May anyone help to explain this code by Jose in Broadway to me?

I am an Elixir novice programmer and reading the source code of Broadway in order to learn the best way of writing Elixir code.

When I am reading the part about Broadway’s Processor, I found out one part that I do not quite understand.

The messages are not passed through the Map (maybe replacing the true value) but with the Process dict. I checked the git history and found that it’s the change made by Jose from a branch named jv-speed-up-ack. Is it faster?
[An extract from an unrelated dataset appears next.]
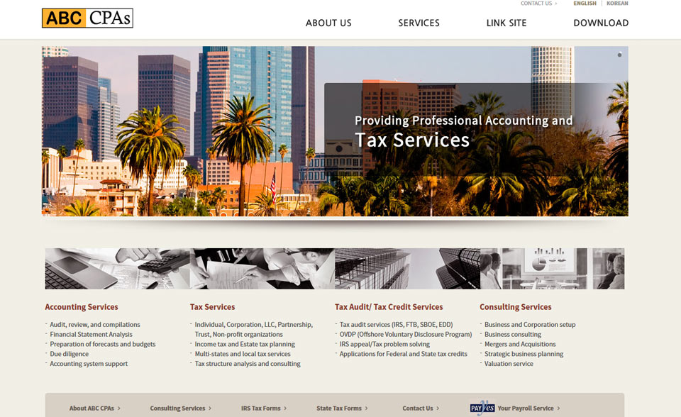 ABC CPA 사무실user_admin2017-08-03T19:20:00-07:00 ABC CPA 사무실 LA 지역 ABC CPA 사무실 웹사이트. 영문 및 한글 멀티 언어를 사용. Project Details Categories: 기업/회사 Project URL: www.abccpas.com/ Related Projects 뚜레쥬르 미국총본사 및 영업점 신한은행 카나다 KOTRA K-GLOBAL EXPO 2016 KOTRA BUSINESS EXPO 2015 KOTRA BUSINESS EXPO 2014

Why?

  defp group_by_acknowledger(ackers, messages, key) do
    Enum.reduce(messages, ackers, fn %{acknowledger: {acknowledger, ack_ref, _}} = msg, acc ->
      ack_info = {acknowledger, ack_ref}
      pdict_key = {ack_info, key}
      Process.put(pdict_key, [msg | Process.get(pdict_key, [])])
      Map.put(acc, ack_info, true)
    end)
  end

  defp call_ack({{acknowledger, ack_ref} = ack_info, true}) do
    successful = Process.delete({ack_info, :successful}) || []
    failed = Process.delete({ack_info, :failed}) || []
    acknowledger.ack(ack_ref, Enum.reverse(successful), Enum.reverse(failed))
  end
7 Likes

The code above could be replaced by a map. The only reason we are using the process dictionary is because sometimes we are handling dozens of thousands of events per second, and in this case the map operations start showing up in benchmarks, so we use the mutable process dictionary instead.

I want to make it clear that people shouldn’t really be doing this in practice unless they benchmark and see an order of magnitude difference. In all my time with Erlang, I had to do this trick only twice, here and on GenStage, and both for the same reason.

19 Likes

Just curious if you tried ETS and how it fared compared to maps and process dictionary?

1 Like

I have not, I think ETS would be more complex than pdict in this case, and offer no benefits.

1 Like

Thanks for the explanation and advice very much. :+1:

If you do not mind, may I know why the Process Dictionary would be faster? As you mentioned that the process dictionary is mutable? Map is not?

Exactly. The process dictionary root key structure is mutable.

1 Like